Equine herpesvirus 4

Virus classification
- (unranked): Virus
- Realm: Duplodnaviria
- Kingdom: Heunggongvirae
- Phylum: Peploviricota
- Class: Herviviricetes
- Order: Herpesvirales
- Family: Orthoherpesviridae
- Genus: Varicellovirus
- Species: Varicellovirus equidalpha4
- Synonyms: Equid alphaherpesvirus 4; Equid herpesvirus 4; Equine herpesvirus 4;

= Equine herpesvirus 4 =

Species of virus

Equine herpesvirus 4 (EHV-4) is a virus of the family Orthoherpesviridae that causes rhinopneumonitis in horses. It is the most important viral cause of respiratory infection in foals. Like other herpes viruses, EHV-4 causes a lifelong latent infection in affected animals. These horses are usually the source for new infection for foals over two months old, weanlings, and yearlings. Symptoms include fever, loss of appetite, and discharge from the nose. Most infected animals recover in one to three weeks, but death can occur in environments with overcrowding and other stress factors. There are several vaccines available (ATCvet codes: inactivated, live, plus various combinations).

==Description==
EHV-4 is an upper respiratory disease restricted to the infection of the respiratory tract epithelium and its associated lymph nodes. EHV-4 and its close relative EHV 1 are clinically and pathologically indistinguishable and are the primary pathogens that cause respiratory tract disease in young horses from weanling to 2 years of age. Incubation period of Equine Herpiesvirus is 2–10 days. Symptoms include fever (38.9–41.7 °C), loss of appetite, and a nasal discharge giving it the nickname "snots". Without antibiotic treatment, the damage to the respiratory mucosal barrier predisposes infected horses to secondary infections and the involvement of the lower airways (ex. bronchiolitis or pneumonia); Increasing the duration, severity and the mortality of the disease. EHV-4 rarely causes abortion in infected pregnant mares unlike its EHV-1 counterpart. Although there is no specific treatment for the disease once a horse is infected, vaccination against EHV-1 and EHV-4 is recommended as part of preventative herd health for those at high risk of infection. Multiple vaccines are available (Duvaxyn EHV1,4, EquiGuard, EquiVac EHV-1/4, etc.), most in an inactivated virus form.

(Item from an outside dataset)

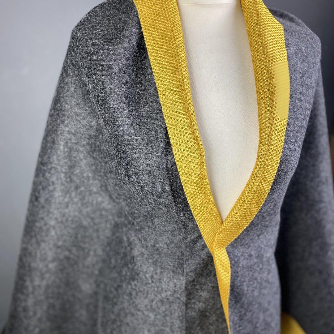 The beauty of this fabric is that it is reversible meaning a pop of yellow mesh is ideal for cuffs, collars, pockets, stripe detailing and more. This is an easy to sew fabric and it doesn’t fray. Reversible sport will keep you nice and warm.

The Equine Herpesvirus occupies the horse in such a way that allows post infection viral persistency over the lifetime of an animal. These carrier horses may comprise up to half of a given horse population. Therefore, management practices are recommended for controlling and managing EHV include isolating incoming horses for 3–4 weeks before co-mingling with resident horses and pregnant mares, reducing stress to prevent the reappearance of a latent virus and if there is an appearance of EHV affected horses should be isolated, and disinfection of the contaminated premise should commence. (The EHV has a large genome (150 kb) which is enclosed in a relatively fragile capsule. This limits their survival in the external environment and makes them highly susceptible to common disinfectants.) After an outbreak no horse should leave the premise for three weeks after the final clinical case recovers. Effective prevention measures, quick diagnosis, therapeutic intervention and the ability to control the spread in the case of an outbreak all allow for the management of EHV.